**WORK REQUEST**
Extract only the lines running from the top of the entries to the line that holds "美国国立卫生研究院神经学主任". Include that line and omit the pictures.

**EXERCISE MATERIAL**
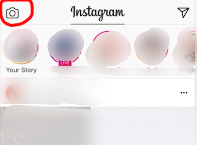 左上のカメラマークをタップしてください。するとストーリー投稿画面が開きます。
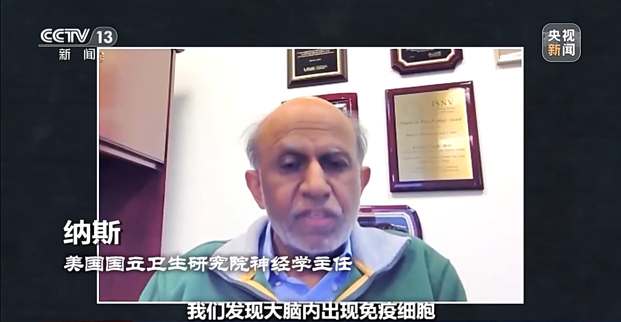 美国国立卫生研究院神经学主任 纳斯:脑部血管被损坏,大脑周围发现炎症细胞,我们发现大脑内出现免疫细胞,我们还发现抗体附着在血管上,而它们曾对血管发起攻击。
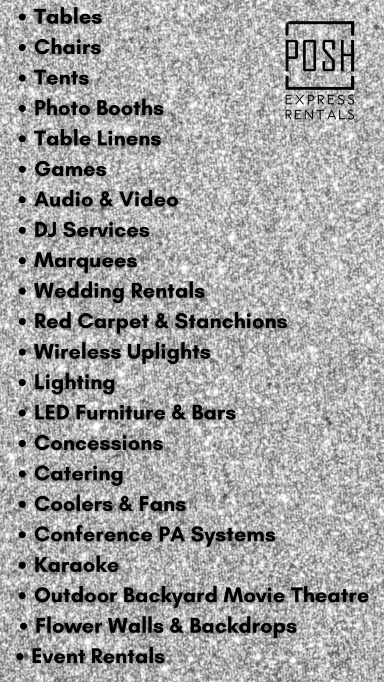 Posh Express Rentals is Las Vegas’s most trusted one-stop shop for party rentals, event rentals & photo booth rentals. Premium quality rentals, affordable pricing, reliable service, creating perfect events since day one across the valley. Your celebration, our expertise - let us handle the detais while you enjoy the moment.
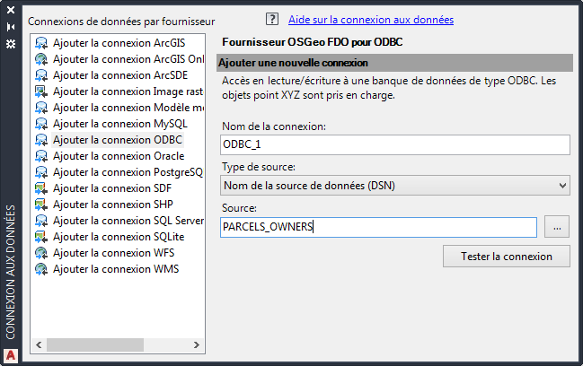 Dans la fenêtre Connexion aux données, spécifiez la nouvelle connexion. N'ajoutez pas à la carte de calque de classe d'objets spécifique à partir de la source ODBC. AutoCAD Map 3D toolset dispose automatiquement de toutes les informations nécessaires lors de la connexion à la source ODBC.
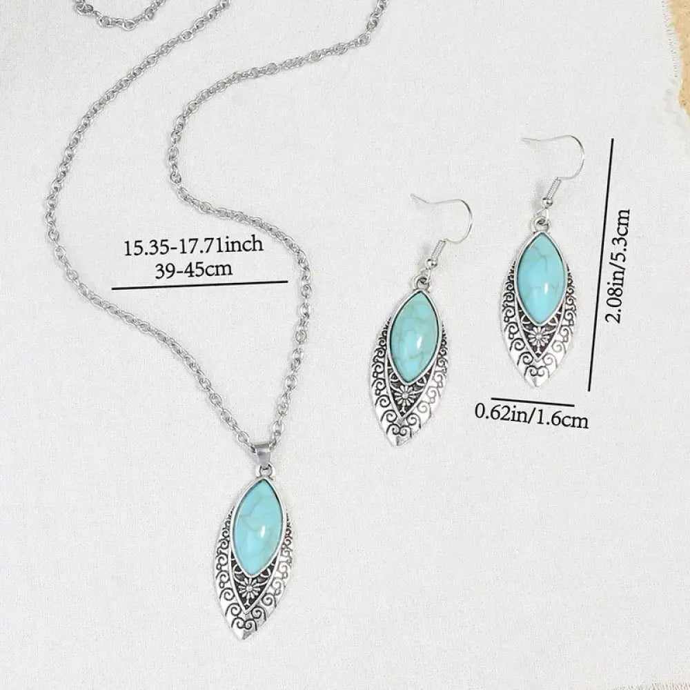 Enhance your elegance with Heritage – Blue. This stunning necklace and earrings set exudes sophistication and exclusivity. With intricate details and a captivating design, this set will make you feel like a piece of art or literature come to life. Upgrade your style today. Chain measures 16".

**SOLUTION FOR THIS PROBLEM**
 左上のカメラマークをタップしてください。するとストーリー投稿画面が開きます。
 美国国立卫生研究院神经学主任 纳斯:脑部血管被损坏,大脑周围发现炎症细胞,我们发现大脑内出现免疫细胞,我们还发现抗体附着在血管上,而它们曾对血管发起攻击。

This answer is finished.